## Task to complete
Restate the full listing word for word; images stay out of it.

═══

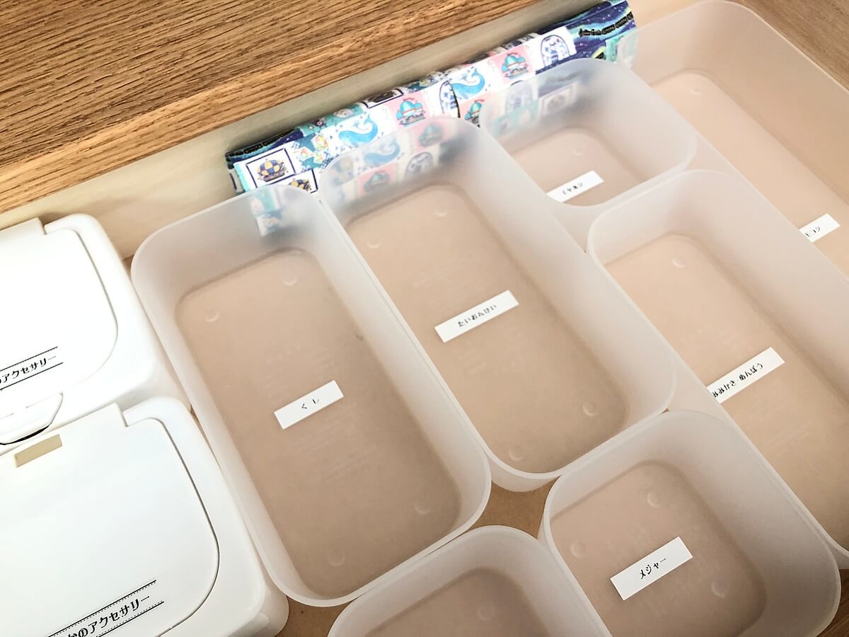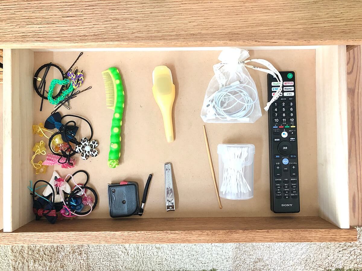 我が家では、少し前にリビングのテレビボードを買い換えました。その際、引き出しの中の収納を見直すことに!
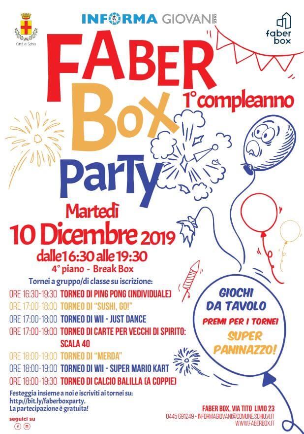 Il pomeriggio, invece, è Faber Box Party! Dalle 16.30 alle 19.30, presso la Break Box al piano 4, i ragazzi potranno provare nuovi giochi in scatola e partecipare a diversi tornei, dal più tradizionale gioco di carte “Scala 40” al più tecnologico con l’utilizzo della WII – Just Dance. Sono previsti anche premi per i vincitori!
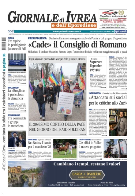 In evidenza la crisi politica del Consiglio comunale di Romano, i consiglieri si sono dimessi in massa, sfiduciato il sindaco Oscarino Ferrero. Il 209esimo corteo a Ivrea contro la guerra in Ucraino: dallo scoppio ogni sabato in piazza per dire “Stop”.
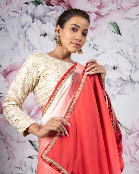 Red And Pink Ombre Pattern Digital Print Chiffon Satin Saree With Stone Work Lace Border Red And Pink Ombre Pattern Digital Print Chiffon Satin Saree With Stone Work Lace Border
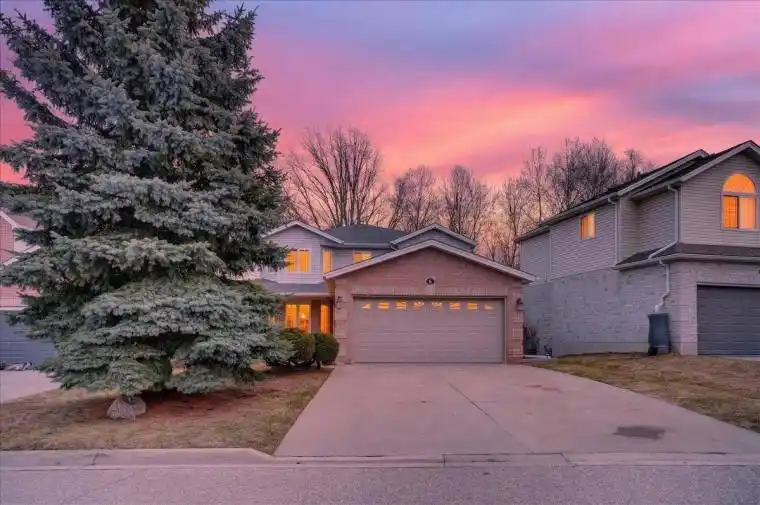 Stunning, professionally renovated 3 bedroom, 4 bathroom home in a superior Idlewood location. Nestled on a premium court walk-out lot, backing onto Briarfield Park Natural Area. Meticulously maintained and loved by original owners. The interior has been beautifully transformed with recent extensive upgrades throughout, including exceptional kitchen by Polwood Kitchens with abundance of full height cabinetry, large island (11′ long), quartz countertops, Stainless Steel appliances (gas stove/oven) and walk-in pantry. Bright with large windows and sliding doors to upper deck with full forest views. The kitchen is open to an elegant Living Room with modern, electric Napoleon fireplace. The large formal Dining Room is perfect for friends and family dinners. The 2 piece Powder Room and Laundry Room is also conveniently located on the main floor. New luxury plank flooring throughout and new wholly white oak staircase with black metal spindles. Upstairs features 3 bedrooms with large windows and new hardwood flooring, including huge Primary with his/her closets and spectacular spa-like 5 piece luxury ensuite with large glass walk-in shower, free standing tub, double vanity with makeup table, quartz countertops and large porcelain flooring tiles throughout. The walkout basement provides lots of light as well as access to the rear patio and forest. Spacious Recroom/Games Room with wet bar, office and 3 piece Bathroom. Don’t forget the stairs from the garage to the basement and abundant storage/workshop under the garage. A great family home on a safe court with excellent neighbours. Minutes to Chicopee Ski Hill, Grand River Trails, Springmount Park, Lackner Park, Idlewood Creek Park, schools, shopping and quick access to Highway 6, Highway 8 & the 401.
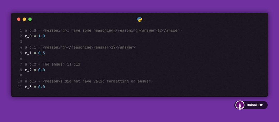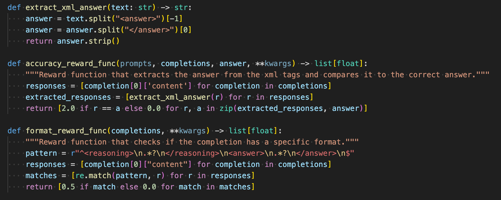 如果将前文提到的"准确性奖励(Accuracy Rewards)"和"格式奖励(Format Rewards)"规则转化为代码,其代码实现可能如下所示:
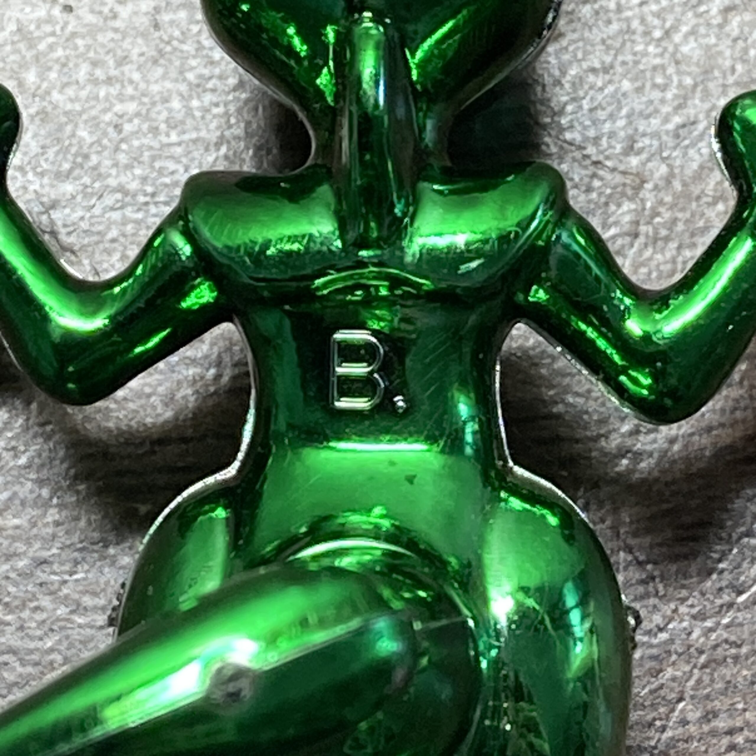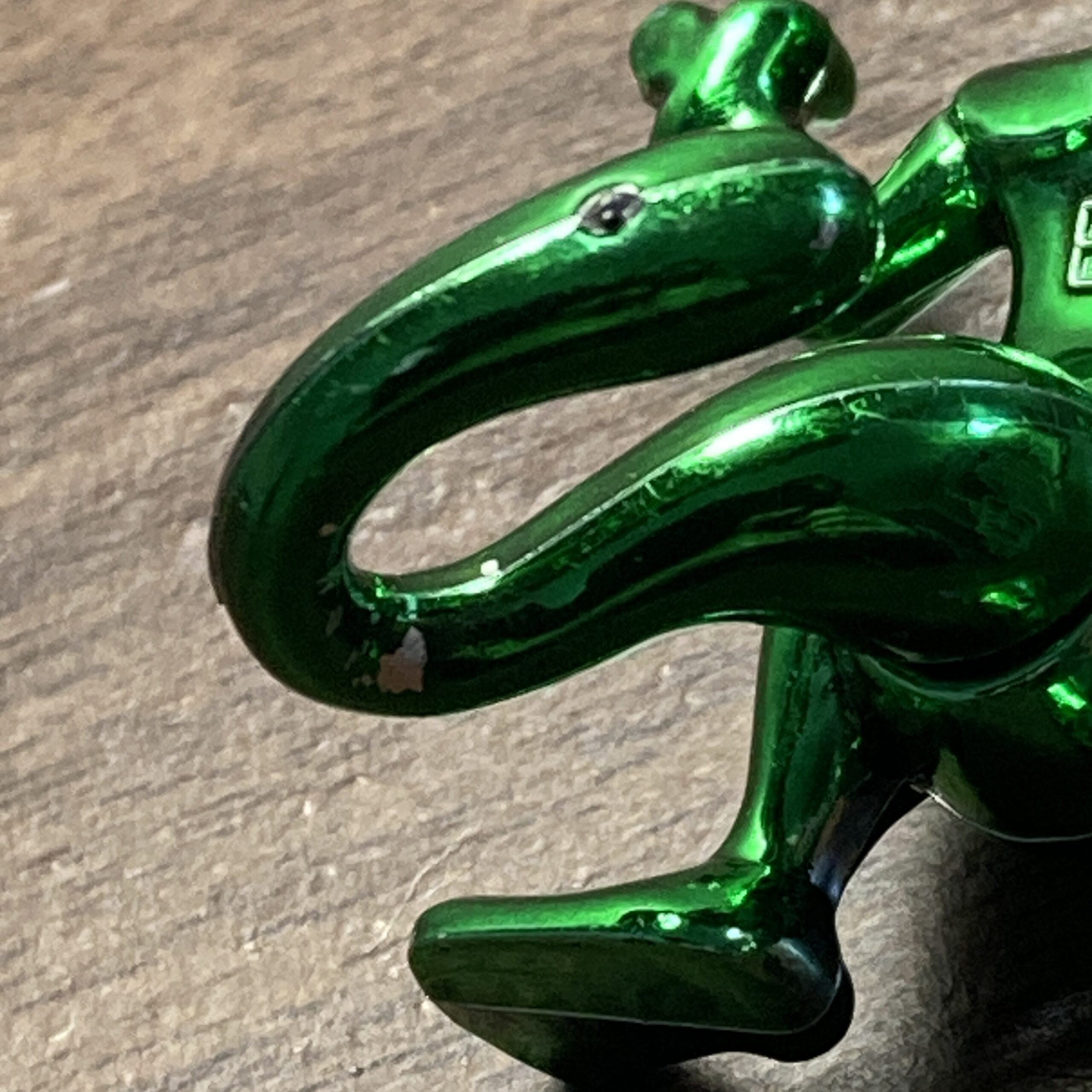 金属ではなく光沢のある軽い材質です。
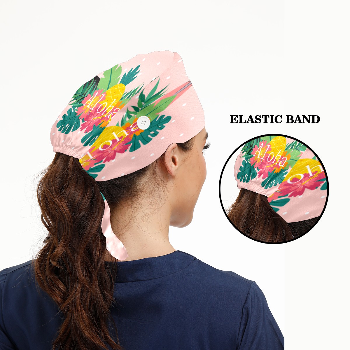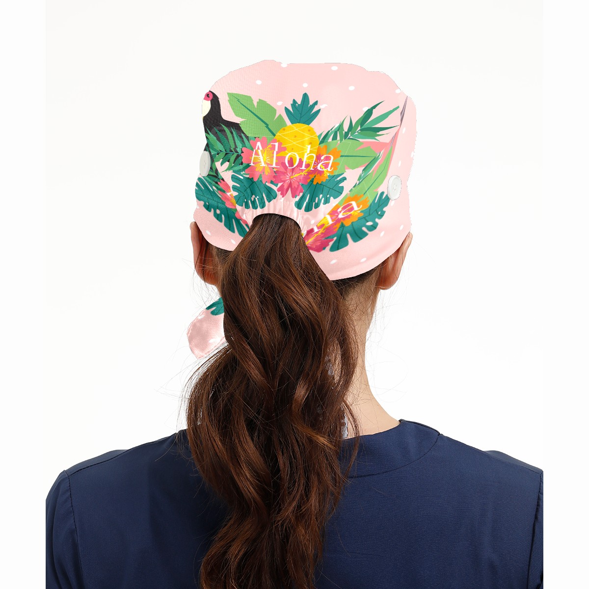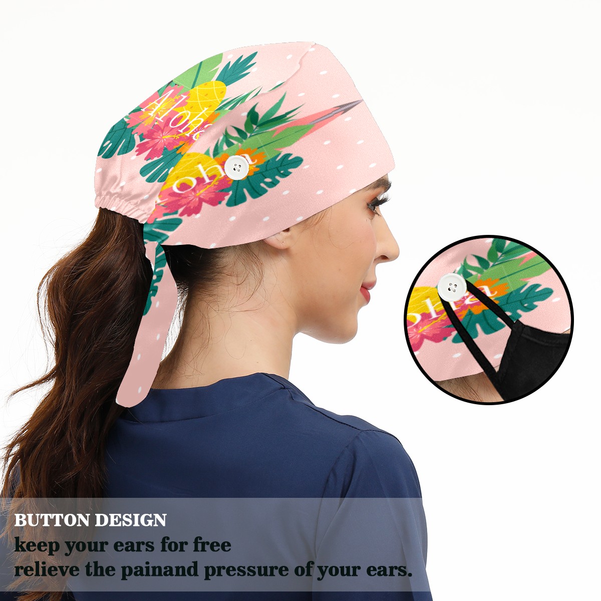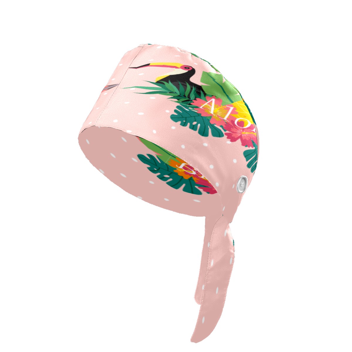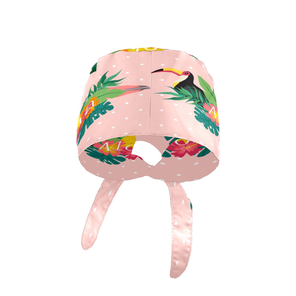Aloha Summer Toucan Pineapple Palm Working Cap Button and Sweatband Adjustable Elastic Head Cover Hair Tie Back Work Hats for Women Men
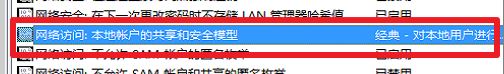 8、在右侧找到并双击打开 本地帐户的共享和安全模型,在弹出的框中选择 经典模式 点击确定 保存;
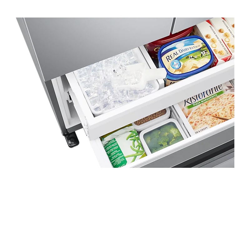 این طبقه ها با حجم زیاد خود فضای بزرگی برای قرار دادن مواد هستند. طراحی داخلی درب ها نیز شامل 6 قفسه می باشد. فریزر یخچال فرنچ سامسونگ RF25 تنها از 2 کشو ساخته شده اند. اما کشوها حجم بزرگی دارند و می توانند مواد زیادی را در خود به راحتی جای دهند. شایان ذکر است که تمامی قفسه، مشو و طبقه ها از جنس شیشه و پلاستیک بسیار اصلی و محکم هستند. پس می تواند وزن قابل توجهی را بدون ایجاد مشکل نگهداری کنند.
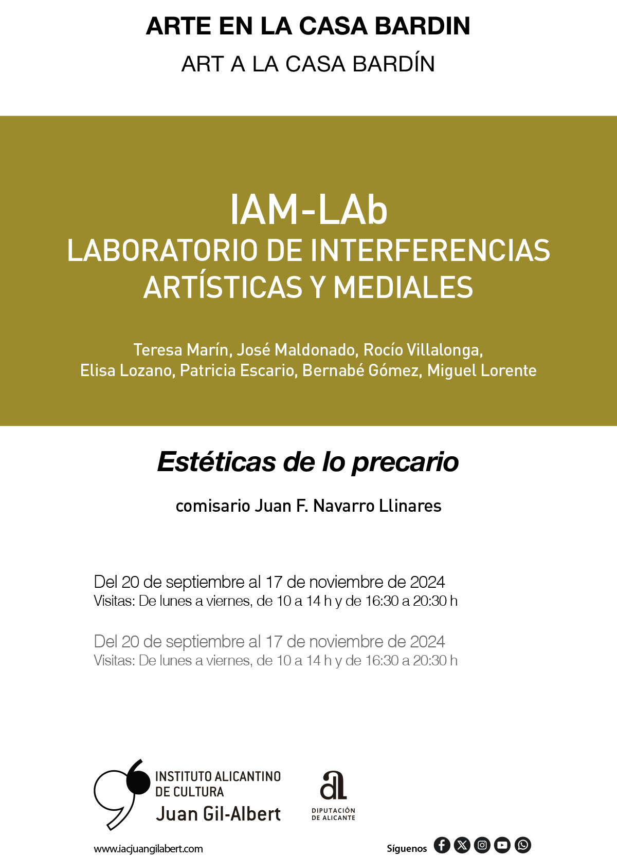 Los autores son los integrantes del Laboratorio de Interferencias Artísticas y Mediales (Equipo IAM.Lab), coordinado por Teresa Marín y formado por José Maldonado, Rocío Villalonga, Elisa Lozano, Patricia Escario, Bernabé Gómez y Miguel Lorente. El proyecto, que se podrá visitar hasta el 17 de noviembre, se materializa como un archivo de lo precario que se vertebra en torno a tres ejes: como archivo/contenedor de un conjunto de fichas con texto e imagen, como un imaginario de la catástrofe que se articula como un mural orgánico y, por último, como documento audiovisual compuesto desde la filosofía de un collage.

═══

## Written response
 我が家では、少し前にリビングのテレビボードを買い換えました。その際、引き出しの中の収納を見直すことに!
 Il pomeriggio, invece, è Faber Box Party! Dalle 16.30 alle 19.30, presso la Break Box al piano 4, i ragazzi potranno provare nuovi giochi in scatola e partecipare a diversi tornei, dal più tradizionale gioco di carte “Scala 40” al più tecnologico con l’utilizzo della WII – Just Dance. Sono previsti anche premi per i vincitori!
 In evidenza la crisi politica del Consiglio comunale di Romano, i consiglieri si sono dimessi in massa, sfiduciato il sindaco Oscarino Ferrero. Il 209esimo corteo a Ivrea contro la guerra in Ucraino: dallo scoppio ogni sabato in piazza per dire “Stop”.
 Red And Pink Ombre Pattern Digital Print Chiffon Satin Saree With Stone Work Lace Border Red And Pink Ombre Pattern Digital Print Chiffon Satin Saree With Stone Work Lace Border
 Stunning, professionally renovated 3 bedroom, 4 bathroom home in a superior Idlewood location. Nestled on a premium court walk-out lot, backing onto Briarfield Park Natural Area. Meticulously maintained and loved by original owners. The interior has been beautifully transformed with recent extensive upgrades throughout, including exceptional kitchen by Polwood Kitchens with abundance of full height cabinetry, large island (11′ long), quartz countertops, Stainless Steel appliances (gas stove/oven) and walk-in pantry. Bright with large windows and sliding doors to upper deck with full forest views. The kitchen is open to an elegant Living Room with modern, electric Napoleon fireplace. The large formal Dining Room is perfect for friends and family dinners. The 2 piece Powder Room and Laundry Room is also conveniently located on the main floor. New luxury plank flooring throughout and new wholly white oak staircase with black metal spindles. Upstairs features 3 bedrooms with large windows and new hardwood flooring, including huge Primary with his/her closets and spectacular spa-like 5 piece luxury ensuite with large glass walk-in shower, free standing tub, double vanity with makeup table, quartz countertops and large porcelain flooring tiles throughout. The walkout basement provides lots of light as well as access to the rear patio and forest. Spacious Recroom/Games Room with wet bar, office and 3 piece Bathroom. Don’t forget the stairs from the garage to the basement and abundant storage/workshop under the garage. A great family home on a safe court with excellent neighbours. Minutes to Chicopee Ski Hill, Grand River Trails, Springmount Park, Lackner Park, Idlewood Creek Park, schools, shopping and quick access to Highway 6, Highway 8 & the 401.
 如果将前文提到的"准确性奖励(Accuracy Rewards)"和"格式奖励(Format Rewards)"规则转化为代码,其代码实现可能如下所示:
 金属ではなく光沢のある軽い材質です。
Aloha Summer Toucan Pineapple Palm Working Cap Button and Sweatband Adjustable Elastic Head Cover Hair Tie Back Work Hats for Women Men
 8、在右侧找到并双击打开 本地帐户的共享和安全模型,在弹出的框中选择 经典模式 点击确定 保存;
 این طبقه ها با حجم زیاد خود فضای بزرگی برای قرار دادن مواد هستند. طراحی داخلی درب ها نیز شامل 6 قفسه می باشد. فریزر یخچال فرنچ سامسونگ RF25 تنها از 2 کشو ساخته شده اند. اما کشوها حجم بزرگی دارند و می توانند مواد زیادی را در خود به راحتی جای دهند. شایان ذکر است که تمامی قفسه، مشو و طبقه ها از جنس شیشه و پلاستیک بسیار اصلی و محکم هستند. پس می تواند وزن قابل توجهی را بدون ایجاد مشکل نگهداری کنند.
 Los autores son los integrantes del Laboratorio de Interferencias Artísticas y Mediales (Equipo IAM.Lab), coordinado por Teresa Marín y formado por José Maldonado, Rocío Villalonga, Elisa Lozano, Patricia Escario, Bernabé Gómez y Miguel Lorente. El proyecto, que se podrá visitar hasta el 17 de noviembre, se materializa como un archivo de lo precario que se vertebra en torno a tres ejes: como archivo/contenedor de un conjunto de fichas con texto e imagen, como un imaginario de la catástrofe que se articula como un mural orgánico y, por último, como documento audiovisual compuesto desde la filosofía de un collage.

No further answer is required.